Among the entries below, only the lines from the one with "Щелкните несколько раз" through the one with "2025年01月23日東北太平洋側エリア震源マップ" are to be retyped, exactly and without pictures.

_Available data:_
════════════════════

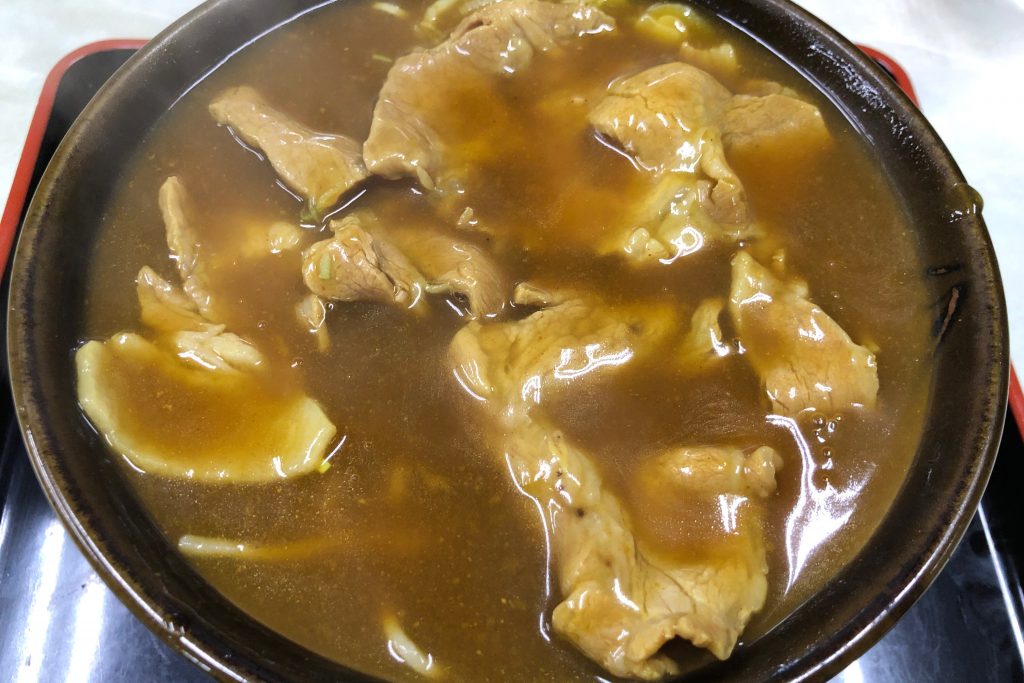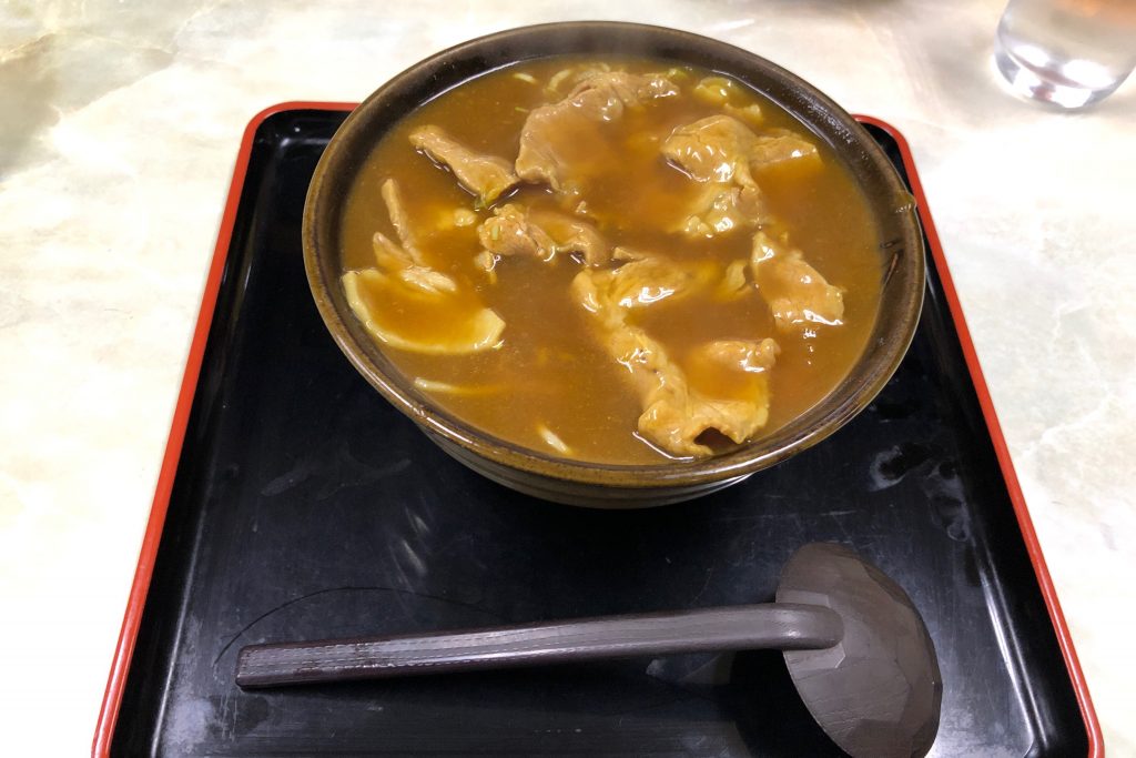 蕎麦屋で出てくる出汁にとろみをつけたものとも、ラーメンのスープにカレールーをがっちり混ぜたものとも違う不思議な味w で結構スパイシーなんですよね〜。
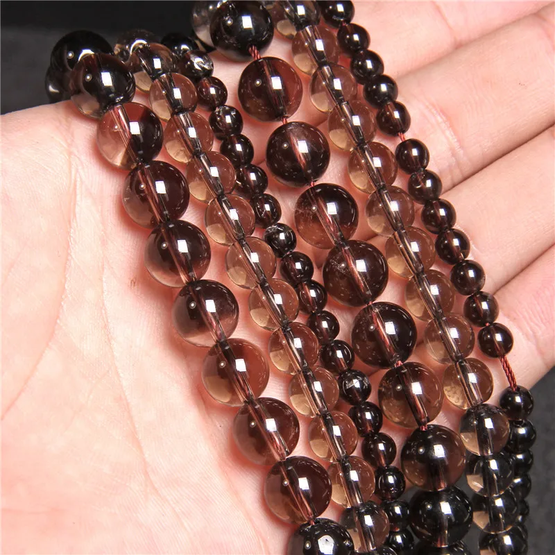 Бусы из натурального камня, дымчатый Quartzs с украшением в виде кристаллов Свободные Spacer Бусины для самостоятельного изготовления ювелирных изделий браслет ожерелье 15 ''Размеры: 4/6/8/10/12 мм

════════════════════

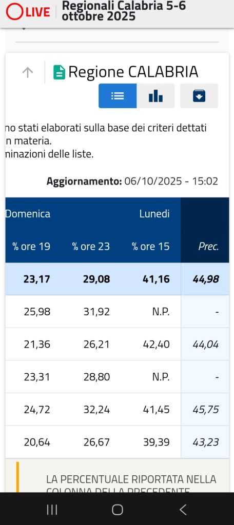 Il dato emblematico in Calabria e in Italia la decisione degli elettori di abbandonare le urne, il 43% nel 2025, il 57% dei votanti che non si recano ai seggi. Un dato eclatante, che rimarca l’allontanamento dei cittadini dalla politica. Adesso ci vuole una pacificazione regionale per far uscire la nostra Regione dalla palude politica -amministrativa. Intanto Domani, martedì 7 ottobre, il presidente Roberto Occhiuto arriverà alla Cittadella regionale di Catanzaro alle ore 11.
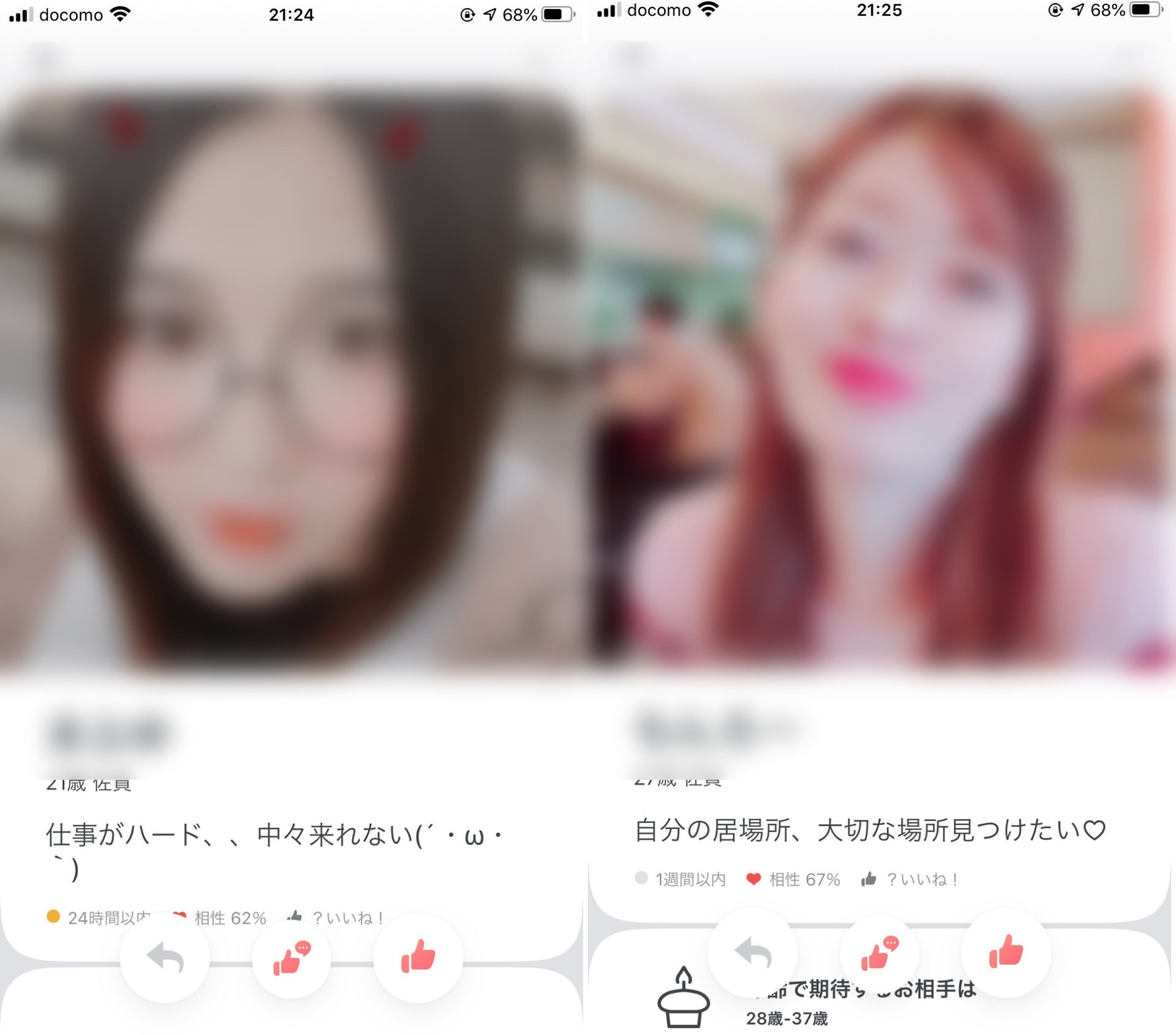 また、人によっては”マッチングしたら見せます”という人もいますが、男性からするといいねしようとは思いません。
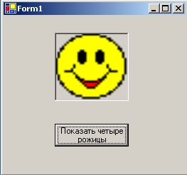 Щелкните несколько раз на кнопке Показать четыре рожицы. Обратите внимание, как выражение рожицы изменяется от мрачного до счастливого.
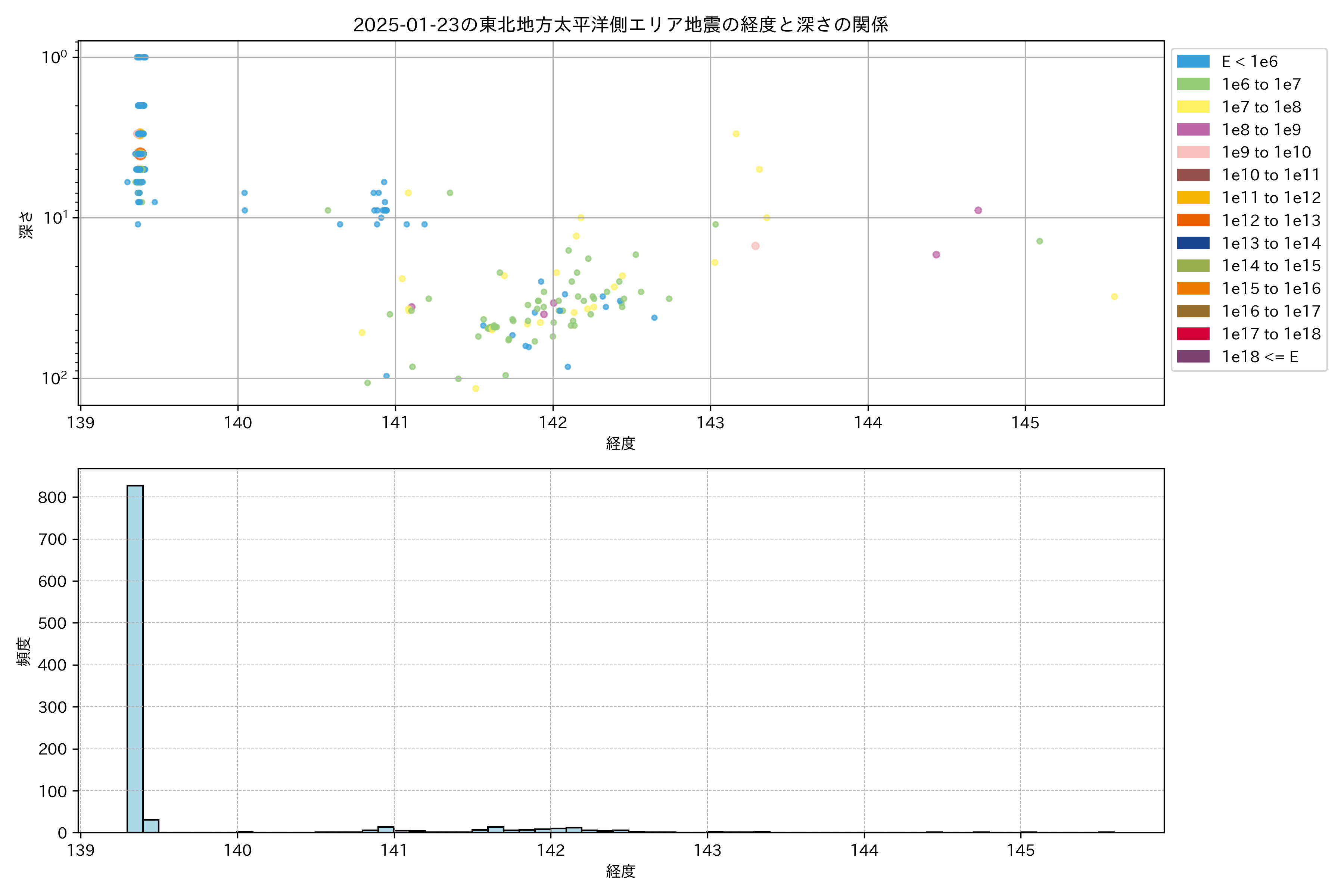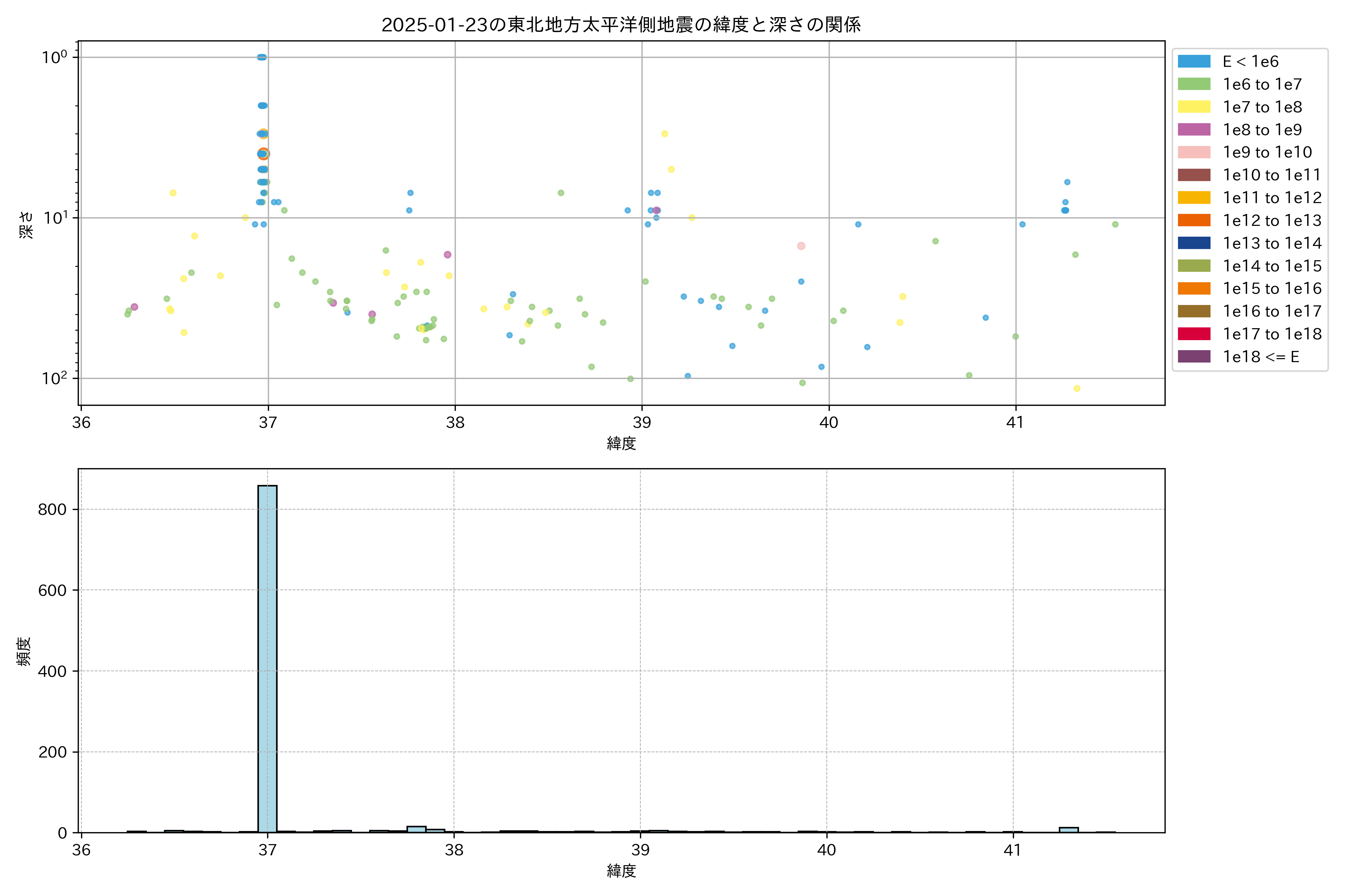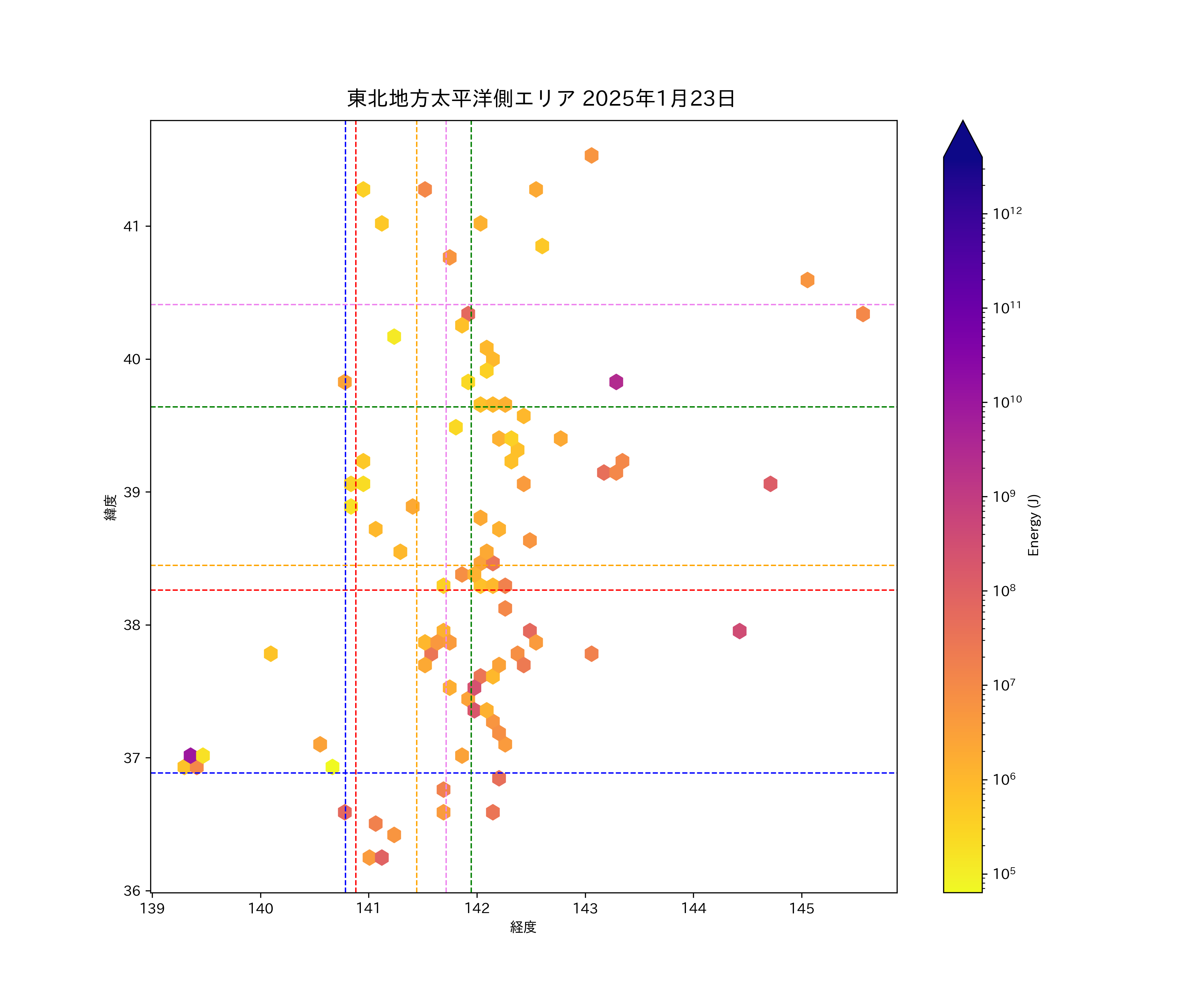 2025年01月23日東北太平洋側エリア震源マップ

════════════════════

_Your response:_
 Щелкните несколько раз на кнопке Показать четыре рожицы. Обратите внимание, как выражение рожицы изменяется от мрачного до счастливого.
 2025年01月23日東北太平洋側エリア震源マップ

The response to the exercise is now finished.